= The Witch's Garden =

Children's book by Lidia Postma

First edition (publ. Lemniscaat)

The Witch's Garden is a children's picture book written and illustrated by Lidia Postma. It was first published in the Netherlands in 1978 under the title De Heksentuin, and was distributed in the United States by McGraw-Hill the following year.

==Plot summary==
A group of children pass a little brick house on their way home from school each day. Trees cast ominous looking shadows upon an unruly, overgrown garden. The children believe the elderly woman who inhabits the house is a witch. In an attempt to frighten her, they create a monster costume from various household items they have collected. Their performance compels the woman to come outside and the children scramble in search of hiding places. She thanks them for the entertainment and invites them inside for a visit. Although the children are wary, they follow her into the kitchen. While the children fill their bellies with pancakes the woman has made for them, she recounts her girlhood encounters with a mysterious circus populated by elves and fairies.
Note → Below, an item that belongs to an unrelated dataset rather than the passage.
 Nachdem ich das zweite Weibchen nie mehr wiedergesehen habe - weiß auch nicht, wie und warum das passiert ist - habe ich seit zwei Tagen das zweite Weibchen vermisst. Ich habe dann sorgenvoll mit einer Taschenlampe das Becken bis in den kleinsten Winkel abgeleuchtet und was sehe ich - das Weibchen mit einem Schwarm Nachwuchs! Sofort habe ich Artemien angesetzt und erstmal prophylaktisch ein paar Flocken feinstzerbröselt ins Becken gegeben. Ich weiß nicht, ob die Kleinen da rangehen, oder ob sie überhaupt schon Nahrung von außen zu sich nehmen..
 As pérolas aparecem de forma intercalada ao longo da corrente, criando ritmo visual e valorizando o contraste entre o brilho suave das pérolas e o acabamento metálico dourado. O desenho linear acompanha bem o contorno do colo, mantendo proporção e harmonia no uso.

After they have finished their meal, the woman takes the children for a walk to a nearby pond. Much to their disbelief and amazement, they are introduced to some of the woman's otherworldly friends. When the children depart, they are unsure as to whether the day's events really took place or if they were imagined. However, they each return to their homes with a renewed sense of wonder and a newfound respect and fondness for the woman.

==About the author==
Lidia Postma was born in Hoorn, the Netherlands in 1952. She is the author and/or illustrator of many children's books as well as fantasy books for adults.